This process disappeared all the credit union’s data for CE Desk — some years’ worth. Fortunately I had already downloaded all the 2021 transactions. This was…wise, lucky, whatever-you-wanna-call-it. Because of course nothing can be simple…and the history of all those transactions was about to be needed.

I had been auto-paying a slew of bills out of that acccount — anything that could even remotely be construed as business- or tax-related, This included utility bills, XXS, YYY, and whatnot. I listed all of these creditors so I could call up their billing departments and arrange to have the autopays made from my now much-bloated personal account.

So I’m tooling around, more or less going on about my business, when LO!

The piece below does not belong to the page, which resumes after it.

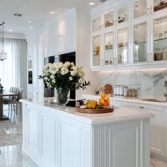 Hình 1: Tủ bếp có đảo màu trắng tinh tế, sang trọng tại Hưng Thịnh Phát
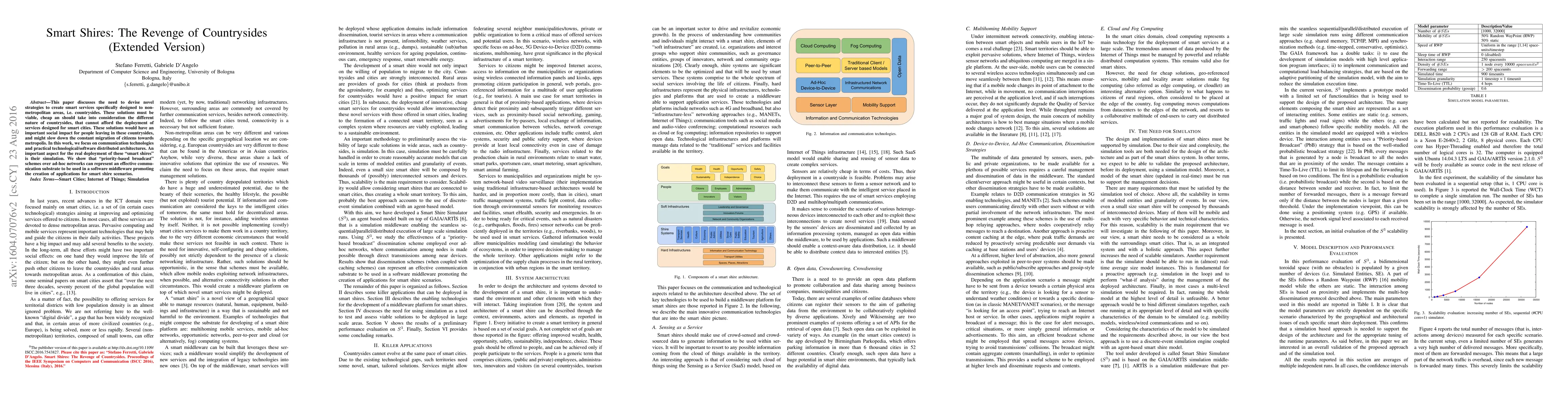 This paper discusses the need to devise novel strategies to create smart services specifically designed to non-metropolitan areas, i.e. countrysides. These solutions must be viable, cheap an should take into consideration the different nature of countrysides, that cannot afford the deployment of services designed for smart cities. These solutions would have an important social impact for people leaving in these countrysides, and might slow down the constant migration of citizens towards metropolis. In this work, we focus on communication technologies and practical technological/software distributed architectures. An important aspect for the real deployment of these smart shires is their simulation. We show that priority-based broadcast schemes over ad-hoc networks can represent an effective communication substrate to be used in a software middleware promoting the creation of applications for smart shire scenarios.

In comes a message saying I haven’t paid the Web hosting bills for Bigscoots and they’re going to take down my three websites.

Huh?

By now, of course, the business bank account is long gone, but as far as I can tell from the year’s worth of entries I downloaded to Excel, I’ve never autopaid Bigscoots from CE Desk’s account. Repeated threats to close the three sites keep coming in.

To make a long and painful story short, eventually my Web guru, Grayson Bell, was informed of this, since it appeared we were about to lose my little Web empire altogether. He did his own thrashing around and eventually elicited a report from Bigscoots that my bills are paid in full, and there is no delinquency.

So…it appears that this was another scam like the one that came in from Amazon a few weeks ago.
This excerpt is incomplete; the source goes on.